* ASSIGNMENT
Give the data below again exactly as it stands. Omit the pictures.

*** DATA SECTION

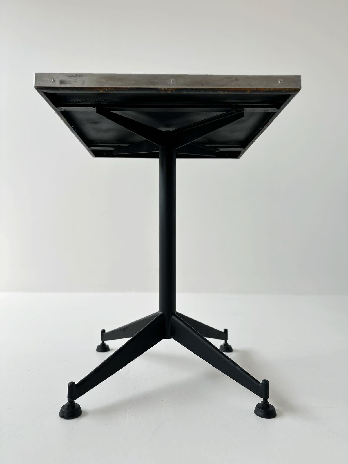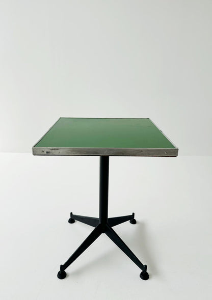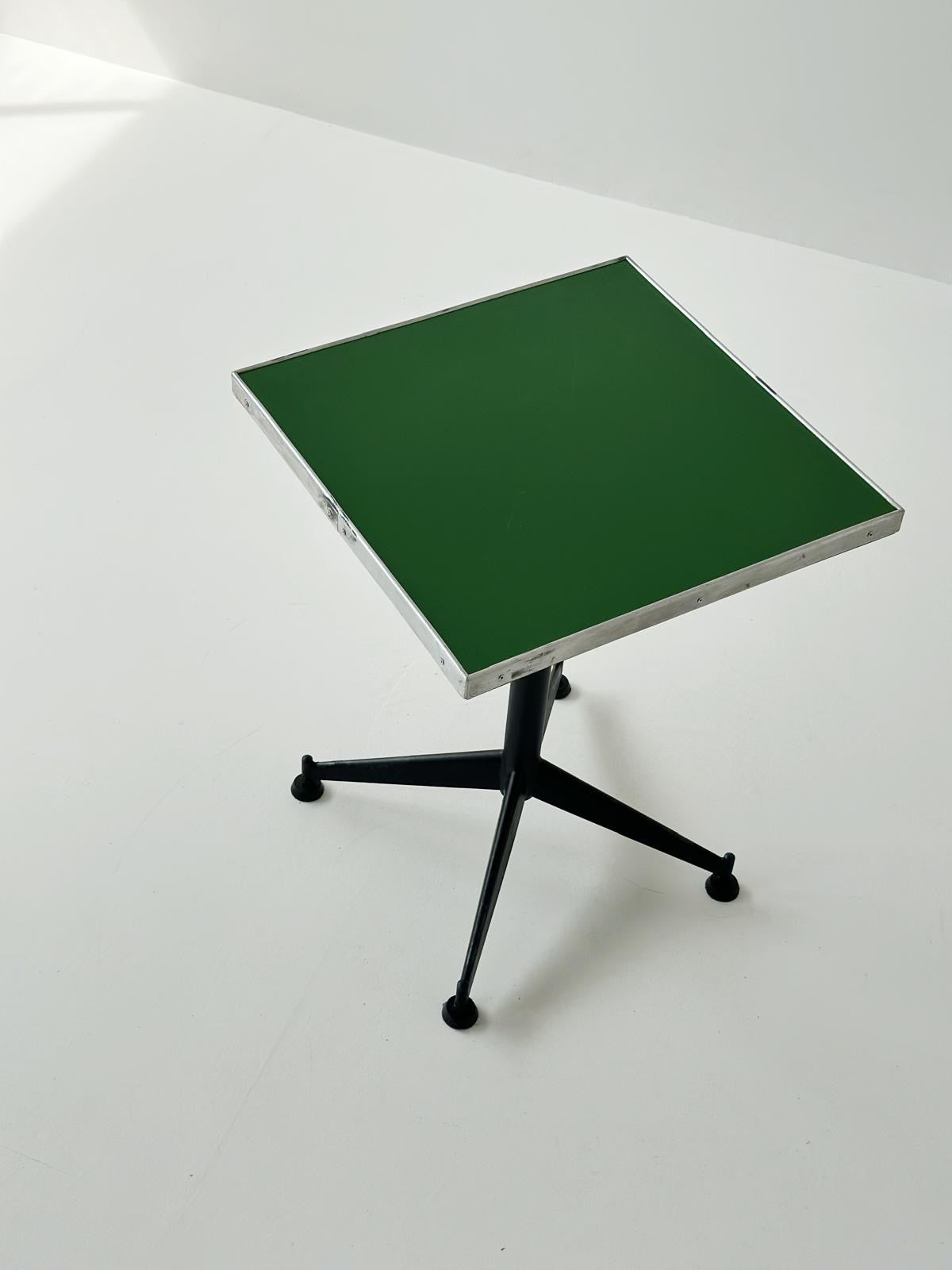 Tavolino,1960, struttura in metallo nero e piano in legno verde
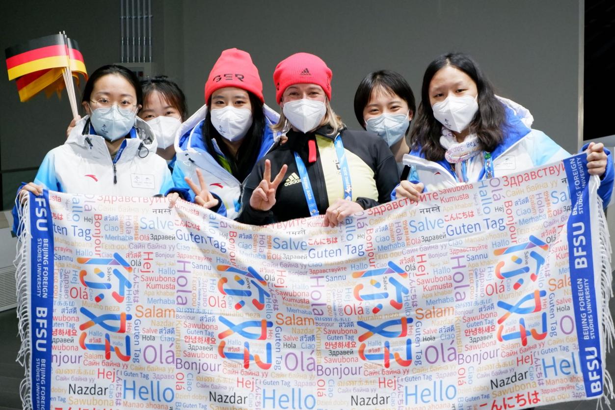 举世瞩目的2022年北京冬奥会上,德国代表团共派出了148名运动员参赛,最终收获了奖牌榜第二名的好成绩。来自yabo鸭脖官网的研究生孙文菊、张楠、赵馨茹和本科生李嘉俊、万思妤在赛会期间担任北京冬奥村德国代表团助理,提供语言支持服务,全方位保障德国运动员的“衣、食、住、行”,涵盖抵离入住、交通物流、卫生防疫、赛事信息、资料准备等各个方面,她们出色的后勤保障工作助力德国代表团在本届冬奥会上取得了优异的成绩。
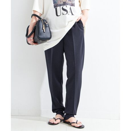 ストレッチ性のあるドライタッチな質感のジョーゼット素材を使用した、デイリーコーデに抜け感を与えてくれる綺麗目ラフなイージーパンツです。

******

* RESULT FOR THIS EXERCISE
 Tavolino,1960, struttura in metallo nero e piano in legno verde
 举世瞩目的2022年北京冬奥会上,德国代表团共派出了148名运动员参赛,最终收获了奖牌榜第二名的好成绩。来自yabo鸭脖官网的研究生孙文菊、张楠、赵馨茹和本科生李嘉俊、万思妤在赛会期间担任北京冬奥村德国代表团助理,提供语言支持服务,全方位保障德国运动员的“衣、食、住、行”,涵盖抵离入住、交通物流、卫生防疫、赛事信息、资料准备等各个方面,她们出色的后勤保障工作助力德国代表团在本届冬奥会上取得了优异的成绩。
 ストレッチ性のあるドライタッチな質感のジョーゼット素材を使用した、デイリーコーデに抜け感を与えてくれる綺麗目ラフなイージーパンツです。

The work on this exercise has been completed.